Progesterone is essential for the regulation of normal female reproductive functions. Also in the brain, its neurobehavioral expression is associated with sexual responsiveness (Genazzani et al. 2000) and in the bone prevention of bone loss (Balasch 2003). The present study showed that MSG decreased serum progesterone levels in MSG-treated pregnant rats at the 7th and 14th days of gestation. Similar results were obtained by Abu Elnaga et al. (2019) who reported that MSG increased the incidence of abortion after the reduction of progesterone hormone due to atrophic action of MSG on the ovary. In contrast at the 19th day of gestation, serum progesterone level showed a significant increase in the high MSG-treated group only. The progesterone level should be down-regulated at the end of the gestation period due to sensitization with estradiol receptors that prepare the uterus for oxytocin action and delivery (Leavitt et al. 1985). The herein results demonstrated that a high MSG-dose could impair the delivery and action of oxytocin due to failure of progesterone down-regulation at the end of gestation. This point may provide a future prospective research point.

The current study showed that treated groups showed down-regulation of Ghrelin in the placenta. Ghrelin is a gut hormone that activates its receptor, the growth hormone secretagogue receptor (GHS-R). Ghrelin controls bone formation and metabolism by modulating osteoblasts proliferation and differentiation (Delhanty et al. 2013, Pradhan et al. 2013). The observed delay in chondrification and ossification of some parts of the axial and appendicular fetal skeleton may be due to MSG-caused down-regulation of ghrelin in the placenta resulting in ghrelin disability to control fetal bone formation.

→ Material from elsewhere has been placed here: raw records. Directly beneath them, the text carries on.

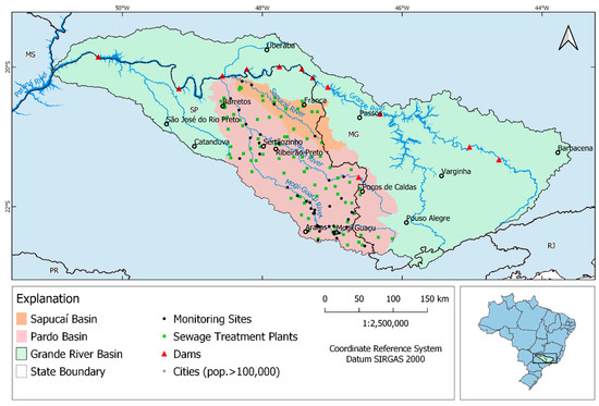 The Grande River Basin (GRB), which has a population of 8.6 million, with approximately 75% concentrated in urban centers, is one of the most important water resource regions in Brazil. In order to manage water resources in the basin in a sustainable manner, the National Water and Sanitation Agency and the Grande River Basin Committee developed the Integrated Water Resources Plan for the Grande River Basin [35]. Among the actions foreseen in this plan is the implementation of water-quality studies and identification of potential mitigation actions aimed at improving water quality in the basin. Specifically, the control of water pollution, especially related to specific constituents capable of causing eutrophication of reservoirs, such as nutrients, from both point and non-point sources, is a priority water quality management issue in the GRB, as nutrients are negatively impacting water quality in the basin. Effective control of water pollution requires information about constituent sources to allow for prioritization of areas where appropriate actions can be taken to avoid and mitigate unwanted impacts on water quality at the basin scale.
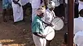 The Murasu, or the drum was the most popular percussion instrument. During festivals, the sound of Murasu conveyed joy and gaiety. Muzhavu, another percussion instrument accompanied singers. The drum was also used as the war-drum, calling people to arms. Mathuraikkanci mentions that the murasu was one of the prized possessions captured from the defeated enemy in the battlefield. Malaipatukatam describes the method of constructing and tuning the murasu. The sides were covered with skin, which were kept in position by leather straps. Malaipatukatam also mentions other percussion instruments such as udukkai, a palm-sized drum, Muzhavu, Siruparai and Tattai. The sound tattai resembled the croaking of a frog. This was a crude folk instrument made using a bamboo stick. Numerous slits were made across the stick and sound was produced on it by striking it on a stone or any other hard surface. In the Kurincippattu peasant women use tattai to scare the birds from the paddy field. A well-known percussion instrument is the mridangam (mathangam). It's a double headed drum used to accompany the veena (Yaazh) and the flute among other instruments.
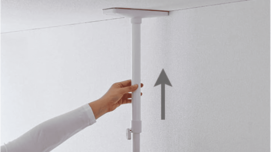 2本のパイプを連結し、上下に抑えプレートを差し込んで装着します。家具の天井に置き、抑えプレートを天井まで伸ばし、届いたところでネジを固定します。天井までピッタリである必要はありませんが、可能な限り隙間なく固定しましょう。その後に圧着ハンドルを回すとパイプが伸びてがっちり固定することができます。取り付けた後は、ゆるみや隙間がないか軽く揺らして確認してください。
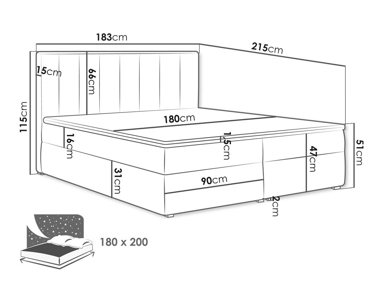 - 180 x 200 cm
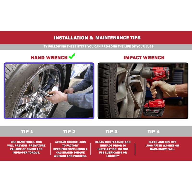 - Dual coated lug bolts have a long lasting, high luster finish.
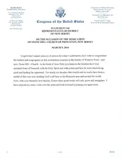 I regret that I cannot join you in person for today's celebration, but I want to congratulate the leaders and congregants on this momentous occasion in the history of Westerly Road - and now, Stone Hill - Church. In the book of Acts, Peter proclaims to the Gentiles how God anointed Jesus of Nazareth with the Holy Spirit and with power and how he went about doing good and healing the oppressed. For nearly six decades, this church and its works have been a model of this very text, heeding God's call here in the Princeton area and around the world. Now, with your beautiful new facility, I know these good works will only grow and strengthen. I have enjoyed my many visits over the years and look forward to joining you again soon.
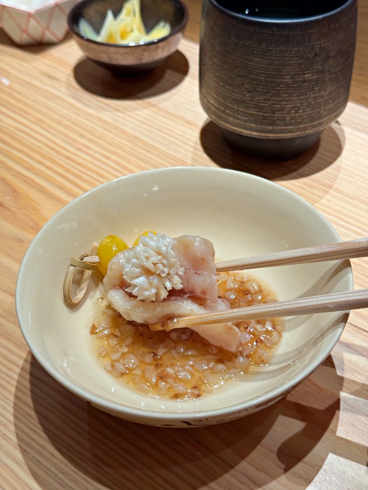 外皮有稍微炙燒過,可以吃到外皮炙燒香氣,魚肉本身相當有彈性呢!
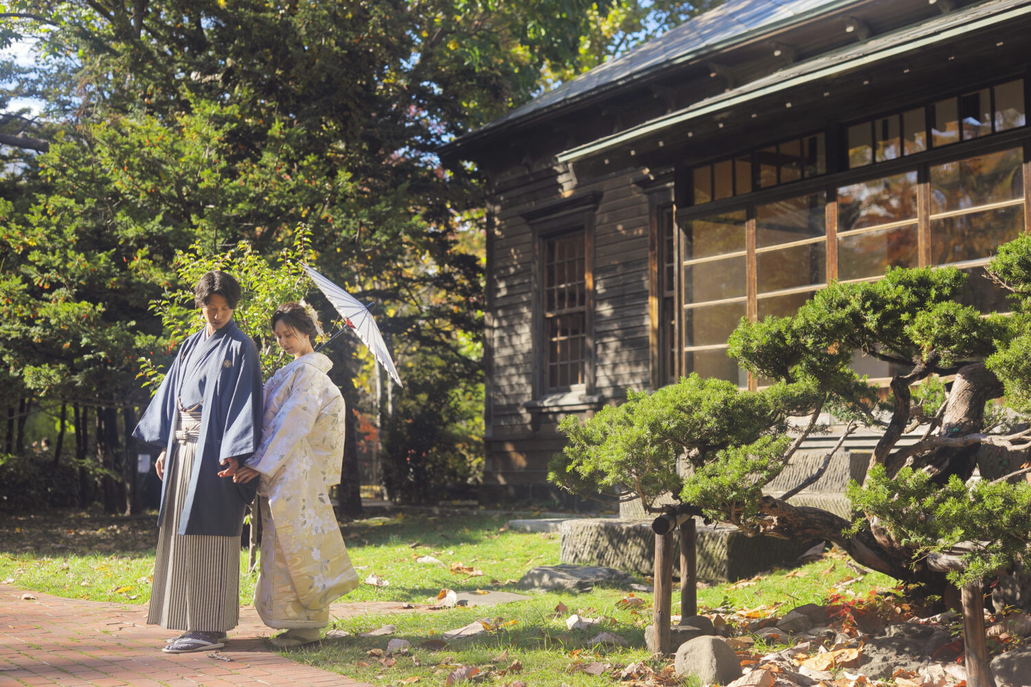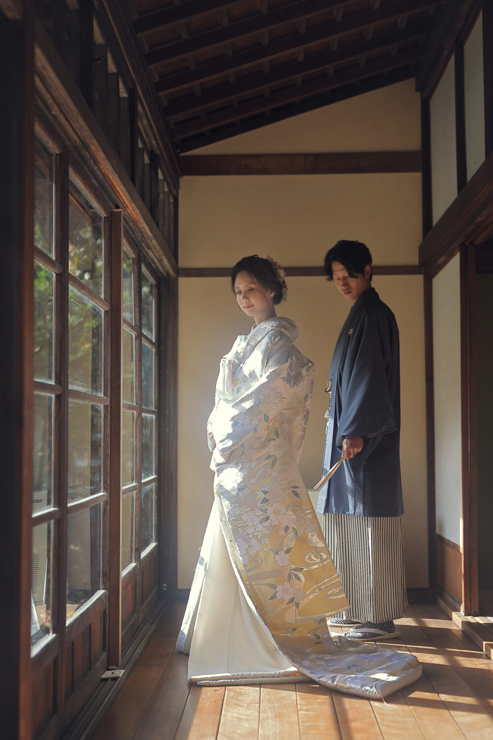 通常はお着物の裾を上げたお着付となりますが、 旧永山邸は室内になるため 裾を下ろしたお着付けでの撮影が可能です◎
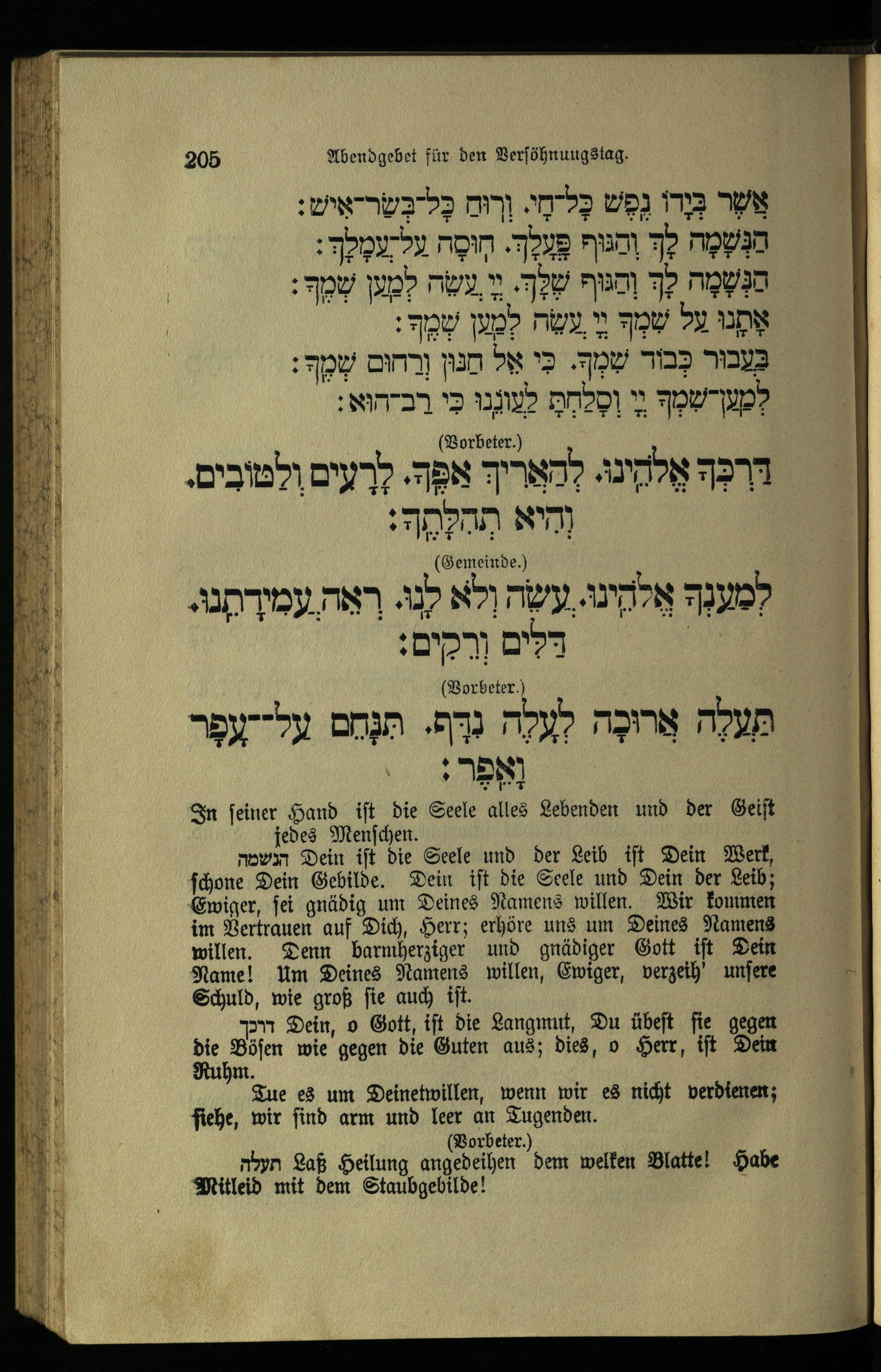 תפילה מנחה ליום כפור Minchahgebet für den Versöhnungstag.

In conclusion, the present study demonstrated that pregnant rats treated with different doses of MSG at the 1st–18th days of gestation showed that MSG significantly induces many alterations in the morphological, histological, and physiological parameters under investigation. MSG was able to pass through the placenta and cause teratogenic effects on the developing fetuses as well as its pregnancy-threatening effect via altering progesterone levels. This study recommends that the uptake of MSG during pregnancy should be decreased to a minimal level due to its hazardous effects on pregnant mothers, which puts their fetuses at high risk of malformation.